Ferring trims US workforce by 134 with layoffs in New Jersey, Minnesota

As waves of layoffs continue to hit the biopharma industry, Ferring Pharmaceuticals is trimming its headcount by 134 across its two U.S. locations.

Ferring’s U.S. headquarters in Parsippany, New Jersey, will see 79 job cuts by March 5, 2024, according to a recent Worker Adjustment and Retraining Notification (WARN) notice. In addition, 55 employees at the company’s Roseville, Minnesota, microbiome hub will be laid off by February 5.

The company has "optimized resources to align with its revised business strategy," a Ferring spokesperson said in an emailed statement. "Following redeployments, this has resulted in a limited number of job reductions."

Ferring's 25-acre facility in New Jersey currently employs 500 workers across manufacturing, commercial, clinical development, management and administration functions.

Meanwhile, Ferring’s Roseville location is the home of Ferring’s Rebiotix subsidiary and its microbiome team.
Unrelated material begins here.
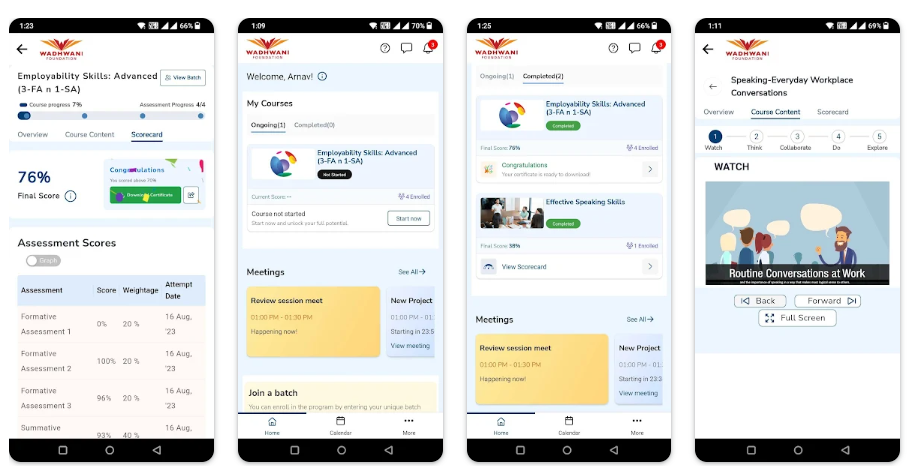 O programa de empregabilidade da Fundação Wadhwani faz parte de sua iniciativa global Wadhwani Skilling, que busca capacitar jovens de várias partes do mundo a conseguir empregos que propiciem uma carreira de alto valor. Por meio dele, os jovens podem treinar sua oratória, a forma como se apresentam, melhorar habilidades de autoconhecimento, gestão de tempo e até mesmo aprimorar as habilidades em softwares importantes como Word, Excel e PowerPoint. Ao todo, são trabalhadas mais de 100 habilidades, reunidas em 14 macro-competências, todas com direito a certificação.

The center houses a pipeline of investigational meds made through its microbiota restoration therapy (MRT) drug platform.

The 55 staffers impacted at that site make up about a quarter of the location's total staff, Minnesota broadcaster KSTP-TV reports.
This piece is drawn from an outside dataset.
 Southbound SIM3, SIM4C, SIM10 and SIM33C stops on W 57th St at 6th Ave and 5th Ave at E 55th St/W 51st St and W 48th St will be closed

Ferring took Rebiotix under its wing in 2018. Years later, the company's Clostridium difficile treatment Rebyoa won approval in late 2022 as a one-time, enema-delivered therapy that restores proper bacterial balance in the digestive system.

Rebyota put Ferring’s microbiome expertise on the map as the first FDA-approved fecal microbiota product, a development that could pave the way for similar products.

More recently, the drugmaker linked up with microbiome translation company PharmaBiome in a research and development partnership that gives Ferring exclusive rights to “next generation microbiome-based therapeutics within the field of gastroenterology arising out of the collaboration,” Ferring said in a recent press release.

The company is also continuing to roll out its bladder cancer gene therapy Adstiladrin, which is the first to target high-risk and non-muscle invasive bladder cancer in patients who no longer respond to standard therapy. Ferring dosed the first patient in September through its early experience program, which is meant to ensure patients can complete their entire treatment regimen during a manufacturing scale-up.